Cyclosporine for treating rheumatoid arthritis

George A Wells ^1,^✉, Didier Haguenauer ², Beverley Shea ³, Maria E Suarez‐Almazor ⁴, Vivian Welch ⁵, Peter Tugwell ⁶, Joan Peterson ⁷

Editor: Cochrane Musculoskeletal Group

PMCID: PMC8406939 PMID: 10796412

Abstract

Background

Rheumatoid arthritis (RA) is an autoimmune disease characterized by an activation of T lymphocyte and an increase in interleukine turnover. In RA, cyclosporine is known to be efficient as a Disease Modifying Anti‐Rheumatic Agent (DMARD), especially when other treatments such as injectable gold, D‐penicillamine or anti‐malarials were not efficacious.

Objectives

To estimate the short‐term (up to one year) effects of cyclosporine for rheumatoid arthritis.

Search methods

We searched the Cochrane Musculoskeletal Group trials register, and MEDLINE, up to 1997, using the search strategy developed by the Cochrane Collaboration (Dickersin 1994).

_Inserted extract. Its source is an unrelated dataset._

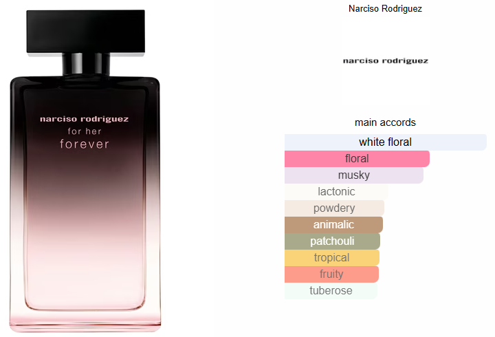Narciso Rodriguez For Her Forever by Narciso Rodriguez is a Floral Woody Musk fragrance for women. This is a new fragrance. Narciso Rodriguez For Her Forever was launched in 2023. The nose behind this fragrance is Sonia Constant. Top notes are Jasmine, Frangipani and Gardenia; middle notes are Osmanthus, African Orange Flower and Tuberose; base notes are Musk and Patchouli.

The search was complemented with bibliography searching of the reference list of the trials retrieved from the electronic search. Key experts in the area were contacted for further published and unpublished articles.

Selection criteria

All randomized clinical trials (RCTs) and controlled clinical trials (CCTs) comparing cyclosporine against placebo in patients with rheumatoid arthritis.

Data collection and analysis

Two reviewers determined the trials to be included based on inclusion and exclusion criteria (GW, MSA). Data were independently abstracted by two reviewers (DH, GW),and checked by a third reviewer (BS) using a pre‐developed form for the rheumatoid arthritis sub‐group of the Cochrane Musculoskeletal Group.

Methodological quality of the RCTs and CCTs was assessed by two reviewers (BS, DH). Rheumatoid arthritis outcome measures were extracted from the publications for change from baseline endpoints. Sufficient data were obtained to include in the pooled analysis the number of swollen joints, physician global assessment, patient global assessment and erythrocyte sedimentation rate (ESR).

Main results

Three trials and 318 patients were included. A statistically significant decrease in the number of tender and swollen joints was observed for cyclosporine when compared to placebo. The standardized mean difference (SMD) for the change in the number of swollen joints was ‐0.969. Significant improvements in pain and the functional index were also found for cyclosporine. More side effects occurred in the cyclosporine group compared to placebo.

Authors' conclusions

Cyclosporine has an important clinical benefit in the short‐term (up to one year) treatment of patients with progressive rheumatoid arthritis.

Plain language summary

Cyclosporine for treating rheumatoid arthritis

This review included three trials with a total of 318 patients. A statistically significant decrease in the number of tender and swollen joints was found for patients taking cyclosporine when compared to those taking placebo. Significant improvements in pain and function were also found for those patients taking cyclosporine. More side effects occurred in the cyclosporine group compared to the placebo group.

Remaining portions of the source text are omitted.